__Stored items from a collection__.

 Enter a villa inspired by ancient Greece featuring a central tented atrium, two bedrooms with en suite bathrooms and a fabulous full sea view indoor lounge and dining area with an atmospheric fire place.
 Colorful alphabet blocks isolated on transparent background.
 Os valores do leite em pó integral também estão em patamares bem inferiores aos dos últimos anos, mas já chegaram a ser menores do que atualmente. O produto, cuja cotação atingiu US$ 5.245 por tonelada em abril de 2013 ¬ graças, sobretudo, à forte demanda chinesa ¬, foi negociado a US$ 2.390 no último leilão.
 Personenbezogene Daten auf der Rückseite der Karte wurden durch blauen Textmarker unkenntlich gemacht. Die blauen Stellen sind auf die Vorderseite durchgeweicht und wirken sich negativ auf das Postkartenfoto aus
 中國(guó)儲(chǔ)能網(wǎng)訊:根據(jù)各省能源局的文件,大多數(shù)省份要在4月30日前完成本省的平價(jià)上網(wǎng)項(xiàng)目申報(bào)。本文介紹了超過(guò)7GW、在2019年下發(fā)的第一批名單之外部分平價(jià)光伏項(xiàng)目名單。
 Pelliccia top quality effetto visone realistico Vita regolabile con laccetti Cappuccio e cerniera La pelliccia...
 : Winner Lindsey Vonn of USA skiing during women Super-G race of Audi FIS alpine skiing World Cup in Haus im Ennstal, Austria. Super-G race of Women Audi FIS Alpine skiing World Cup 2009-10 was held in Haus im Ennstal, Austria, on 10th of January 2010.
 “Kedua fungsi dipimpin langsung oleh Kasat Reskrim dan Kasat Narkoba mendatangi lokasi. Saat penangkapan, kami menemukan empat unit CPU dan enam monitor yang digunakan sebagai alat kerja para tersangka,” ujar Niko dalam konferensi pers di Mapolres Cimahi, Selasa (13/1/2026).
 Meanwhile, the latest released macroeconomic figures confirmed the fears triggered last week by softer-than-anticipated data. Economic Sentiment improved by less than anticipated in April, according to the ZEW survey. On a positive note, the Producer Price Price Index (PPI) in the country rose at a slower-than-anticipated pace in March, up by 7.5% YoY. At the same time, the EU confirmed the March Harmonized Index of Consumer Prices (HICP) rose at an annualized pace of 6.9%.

__EXERCISE AIM__. No line may be left out; the records are to be transcribed in full.

__EXERCISE SOLUTION__.
 Enter a villa inspired by ancient Greece featuring a central tented atrium, two bedrooms with en suite bathrooms and a fabulous full sea view indoor lounge and dining area with an atmospheric fire place.
 Colorful alphabet blocks isolated on transparent background.
 Os valores do leite em pó integral também estão em patamares bem inferiores aos dos últimos anos, mas já chegaram a ser menores do que atualmente. O produto, cuja cotação atingiu US$ 5.245 por tonelada em abril de 2013 ¬ graças, sobretudo, à forte demanda chinesa ¬, foi negociado a US$ 2.390 no último leilão.
 Personenbezogene Daten auf der Rückseite der Karte wurden durch blauen Textmarker unkenntlich gemacht. Die blauen Stellen sind auf die Vorderseite durchgeweicht und wirken sich negativ auf das Postkartenfoto aus
 中國(guó)儲(chǔ)能網(wǎng)訊:根據(jù)各省能源局的文件,大多數(shù)省份要在4月30日前完成本省的平價(jià)上網(wǎng)項(xiàng)目申報(bào)。本文介紹了超過(guò)7GW、在2019年下發(fā)的第一批名單之外部分平價(jià)光伏項(xiàng)目名單。
 Pelliccia top quality effetto visone realistico Vita regolabile con laccetti Cappuccio e cerniera La pelliccia...
 : Winner Lindsey Vonn of USA skiing during women Super-G race of Audi FIS alpine skiing World Cup in Haus im Ennstal, Austria. Super-G race of Women Audi FIS Alpine skiing World Cup 2009-10 was held in Haus im Ennstal, Austria, on 10th of January 2010.
 “Kedua fungsi dipimpin langsung oleh Kasat Reskrim dan Kasat Narkoba mendatangi lokasi. Saat penangkapan, kami menemukan empat unit CPU dan enam monitor yang digunakan sebagai alat kerja para tersangka,” ujar Niko dalam konferensi pers di Mapolres Cimahi, Selasa (13/1/2026).
 Meanwhile, the latest released macroeconomic figures confirmed the fears triggered last week by softer-than-anticipated data. Economic Sentiment improved by less than anticipated in April, according to the ZEW survey. On a positive note, the Producer Price Price Index (PPI) in the country rose at a slower-than-anticipated pace in March, up by 7.5% YoY. At the same time, the EU confirmed the March Harmonized Index of Consumer Prices (HICP) rose at an annualized pace of 6.9%.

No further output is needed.